_Exercise:_ Once "Horas gastas por" turns up in a line below, reproduce that line and those after it exactly, stopping after the line with "Sand colored linen"; leave pictures out.

_Data records:_
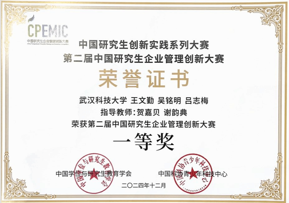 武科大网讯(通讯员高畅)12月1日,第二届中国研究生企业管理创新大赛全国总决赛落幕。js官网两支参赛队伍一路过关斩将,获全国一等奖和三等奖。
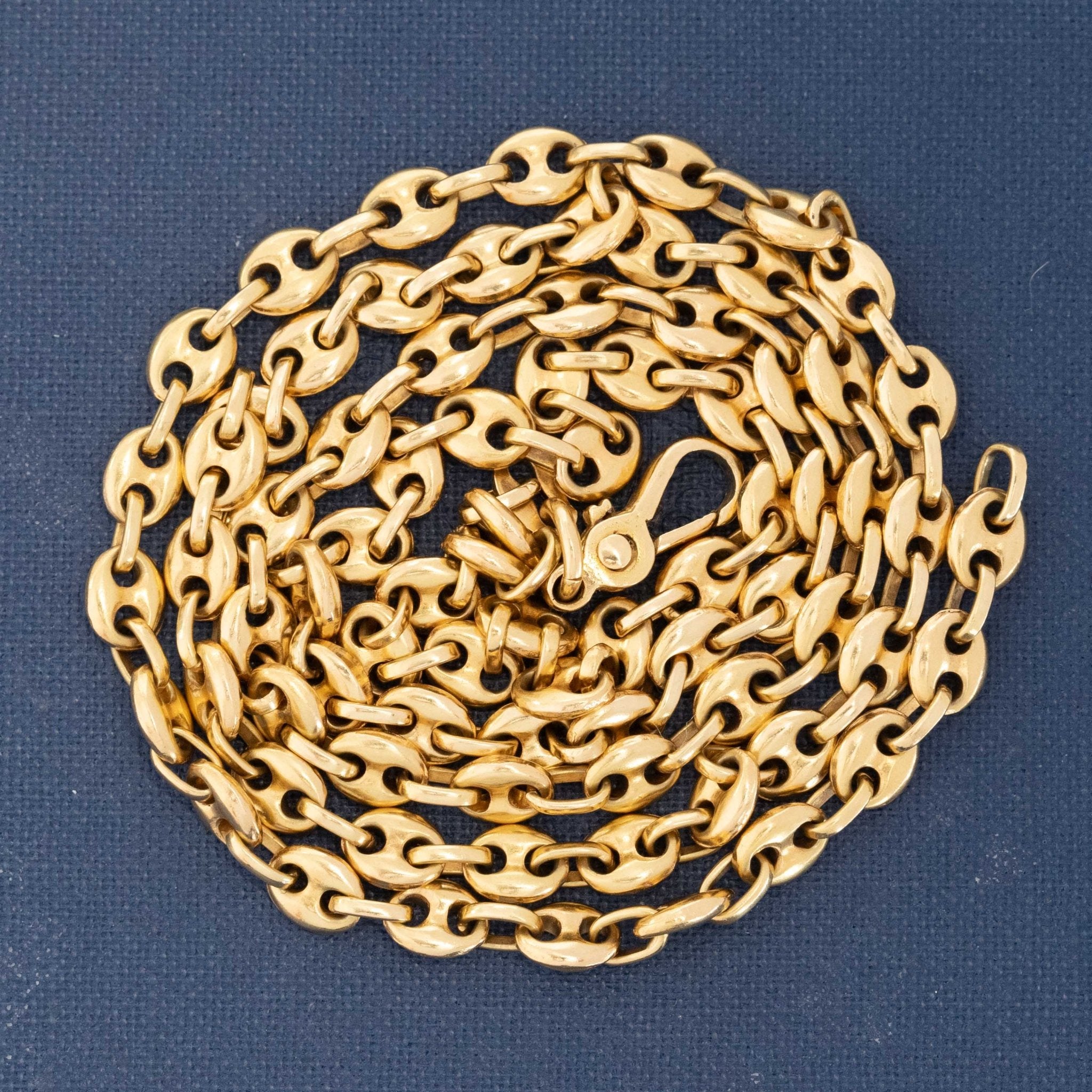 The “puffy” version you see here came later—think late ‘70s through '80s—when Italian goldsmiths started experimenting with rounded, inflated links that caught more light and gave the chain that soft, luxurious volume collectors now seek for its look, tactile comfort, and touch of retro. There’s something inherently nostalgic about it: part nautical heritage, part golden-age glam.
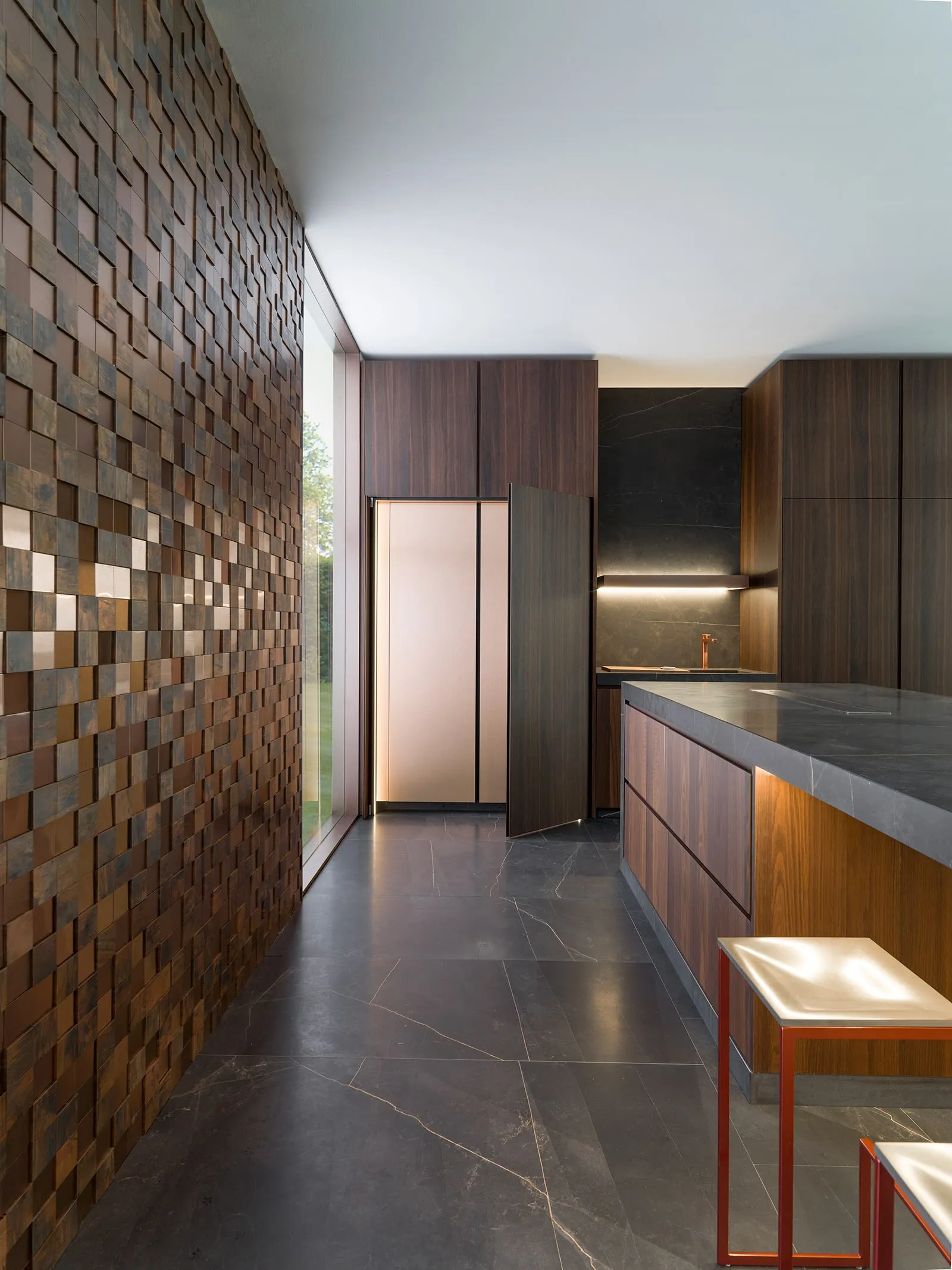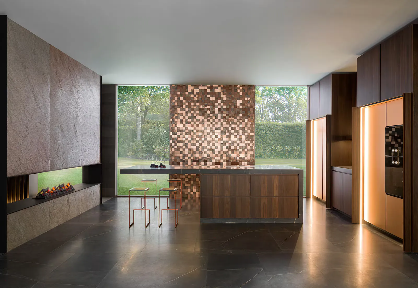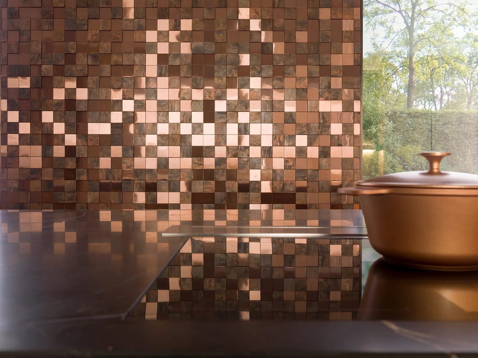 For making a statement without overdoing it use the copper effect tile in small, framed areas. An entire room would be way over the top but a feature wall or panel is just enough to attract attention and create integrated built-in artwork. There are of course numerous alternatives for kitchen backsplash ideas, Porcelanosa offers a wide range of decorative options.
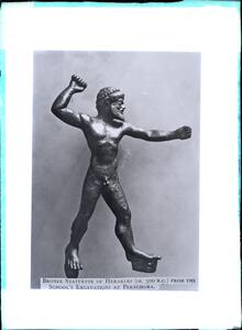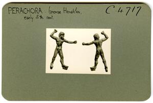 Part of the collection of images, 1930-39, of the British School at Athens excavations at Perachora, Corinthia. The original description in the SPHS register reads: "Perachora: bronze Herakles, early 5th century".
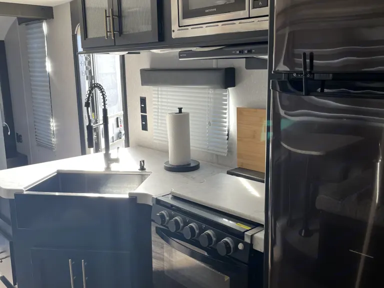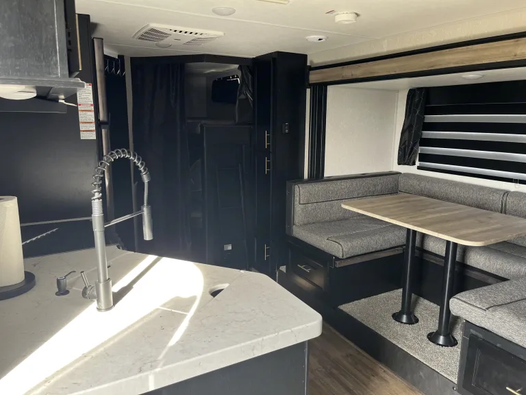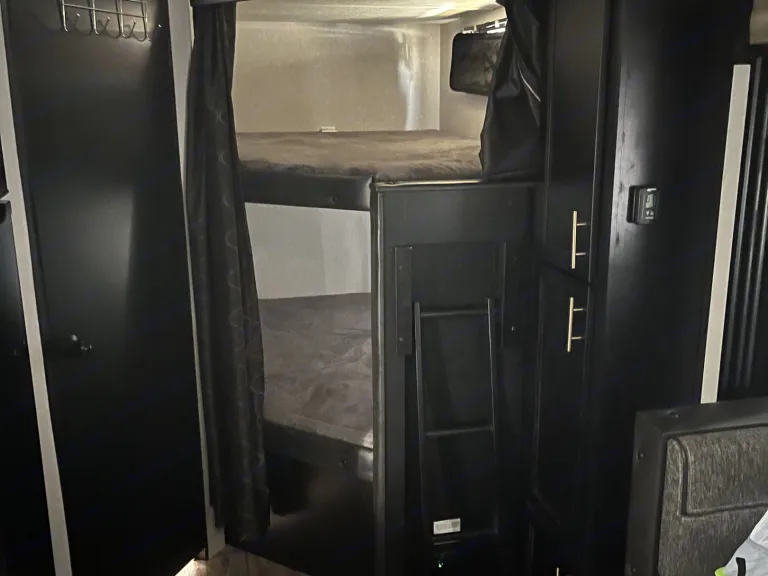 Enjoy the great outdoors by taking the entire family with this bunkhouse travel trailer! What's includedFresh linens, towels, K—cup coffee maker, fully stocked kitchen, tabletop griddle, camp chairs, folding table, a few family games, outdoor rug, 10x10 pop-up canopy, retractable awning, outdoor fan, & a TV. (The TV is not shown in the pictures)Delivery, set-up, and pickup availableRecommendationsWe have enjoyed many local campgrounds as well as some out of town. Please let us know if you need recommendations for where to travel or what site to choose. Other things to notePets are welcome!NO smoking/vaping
--
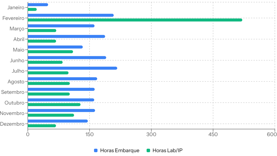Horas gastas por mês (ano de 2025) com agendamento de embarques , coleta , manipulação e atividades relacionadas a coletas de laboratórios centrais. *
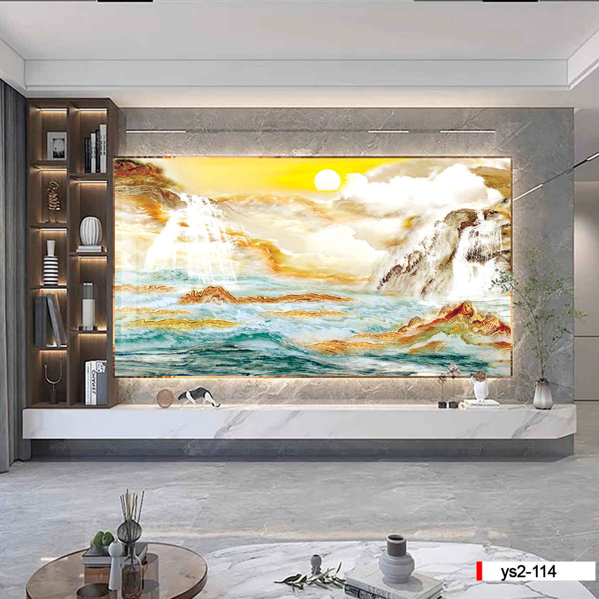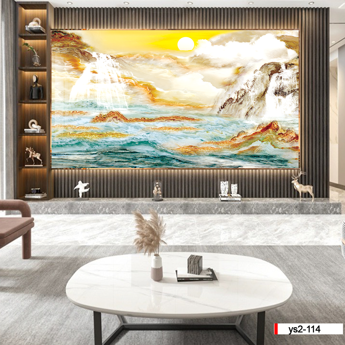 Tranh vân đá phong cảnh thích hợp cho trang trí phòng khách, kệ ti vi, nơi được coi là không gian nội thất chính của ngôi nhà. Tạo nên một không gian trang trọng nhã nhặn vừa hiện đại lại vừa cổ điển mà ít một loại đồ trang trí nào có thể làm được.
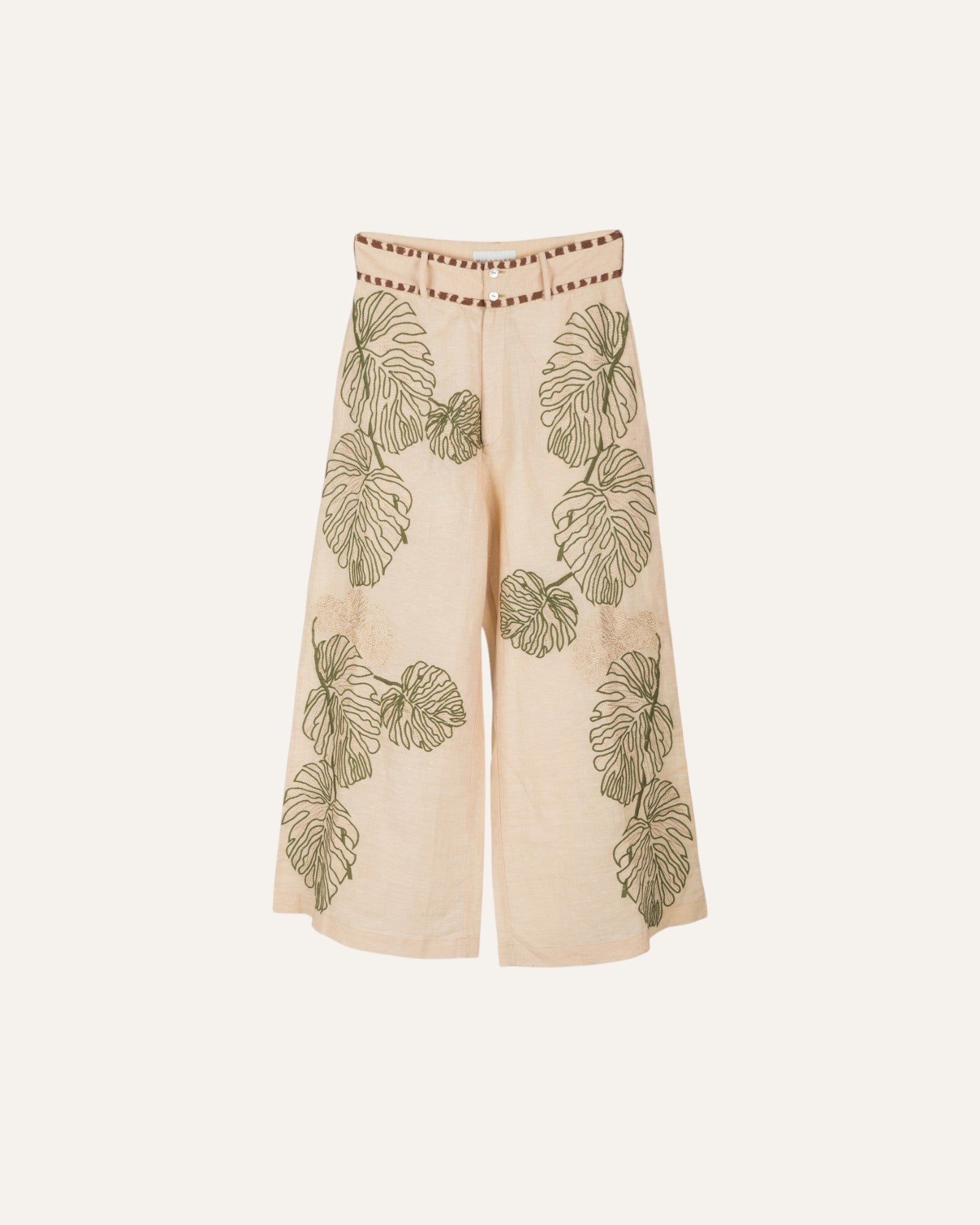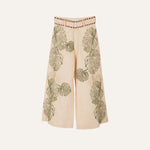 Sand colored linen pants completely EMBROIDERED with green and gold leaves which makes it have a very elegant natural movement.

_Your solution:_
Horas gastas por mês (ano de 2025) com agendamento de embarques , coleta , manipulação e atividades relacionadas a coletas de laboratórios centrais. *
 Tranh vân đá phong cảnh thích hợp cho trang trí phòng khách, kệ ti vi, nơi được coi là không gian nội thất chính của ngôi nhà. Tạo nên một không gian trang trọng nhã nhặn vừa hiện đại lại vừa cổ điển mà ít một loại đồ trang trí nào có thể làm được.
 Sand colored linen pants completely EMBROIDERED with green and gold leaves which makes it have a very elegant natural movement.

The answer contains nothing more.